Assim que Guo Jia abriu a porta e viu a criança com uma expressão afável, ficou em alerta imediato, adotando uma postura defensiva e recuando. "Eu me escondi muito bem. Já tinha selado o local com o Bagua. Como você me encontrou?"
Após falar, Guo Jia verificou a formação e percebeu que ela operava perfeitamente. Isso era estranho. A possibilidade de a criança ter descoberto uma falha era quase nula, já que a probabilidade de entrar por aquela brecha era de uma em mil.
"Não tente entender. Esta casa é minha. Como eu não saberia a estrutura e a localização exata de tudo aqui? As formações que você comprou são apenas para atrair olhares, um esforço inútil. Se formos contar, talvez seu conhecimento sobre esta casa não chegue nem à metade do meu. Este local foi originalmente estabelecido como um arsenal e reserva de recursos estratégicos. Mesmo agora, contém uma vasta quantidade de armamento. Se tudo for detonado, nem você, nem eu, seremos capazes de escapar."
A criança falou com confiança. Era o legado que ele acumulou por anos. Se Guo Jia visse tudo aquilo com os próprios olhos, sua mandíbula cairia de espanto.
"Devo entender isso como uma ameaça?" Guo Jia ficou ainda mais tenso, pensando que a criança pretendia explodir tudo se ele não obedecesse.

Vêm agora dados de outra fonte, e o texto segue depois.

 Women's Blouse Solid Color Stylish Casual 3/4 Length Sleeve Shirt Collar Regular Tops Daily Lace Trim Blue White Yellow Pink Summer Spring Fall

Ele não se importava consigo mesmo, mas Zou Zhenghui estava ali dentro. Se o mestre morresse, o estrategista seria afetado — no melhor dos casos, vomitaria sangue ou desmaiaria; no pior, morreria instantaneamente. Era por isso que ninguém ousava vincular-se a um mestre levianamente.

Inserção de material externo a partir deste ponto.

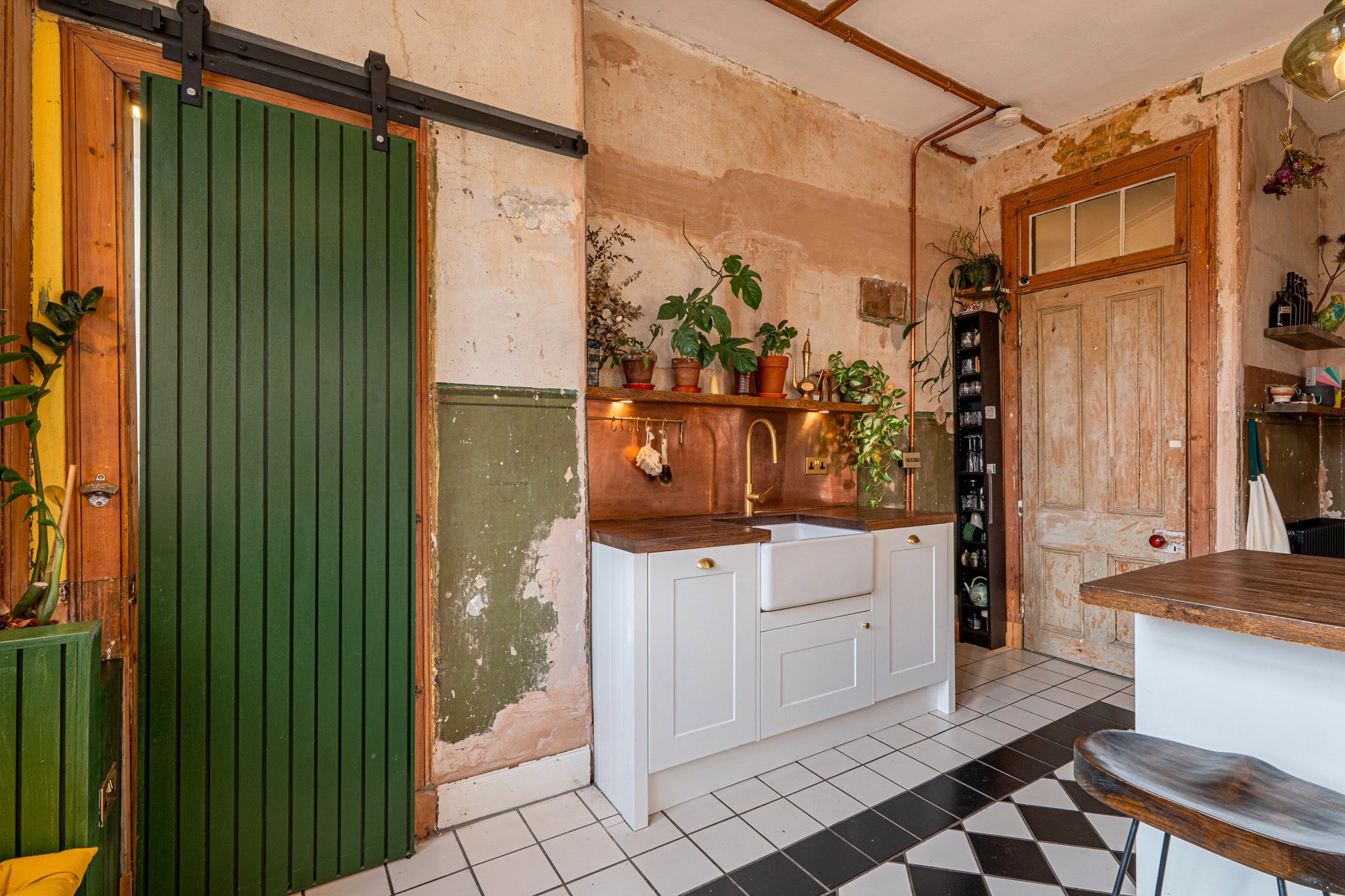 Sympathetic improvements by the current owners balance modern convenience with original detail; a contemporary kitchen fitted with sleek cabinetry complements well-preserved period features. Original plasterwork has been exposed and carefully restored, with the electrics and plumbing retrospectively and subtly surface-mounted to protect the property’s traditional fabric. There are two well sized double bedrooms, advantageously positioned at opposite ends of the accommodation to maximise privacy, in addition to a lovely front lounge with a gorgeous yet discreet aspect, facing onto to the park and trees opposite.

"Não, por que pensaria assim? Estou apenas exibindo minhas conquistas passadas. E não vim aqui para procurar você." A criança riu com desdém e respondeu calmamente. Ele ainda precisava daquelas armas; não as desperdiçaria tão facilmente. Quanto a ameaçar pessoas, ele achava que não tinha utilidade prática.
"Não veio me procurar? Então por que veio? Veio apenas para recuperar suas armas preciosas? Se for isso, não tenho objeções. Afinal, pertencem a você, e não tenho interesse em tomá-las." Guo Jia disse, mas não abriu caminho, pois sabia que Zou Zhenghui ainda estava lá dentro.
"Não, não, não. Você sabe muito bem quem eu vim procurar."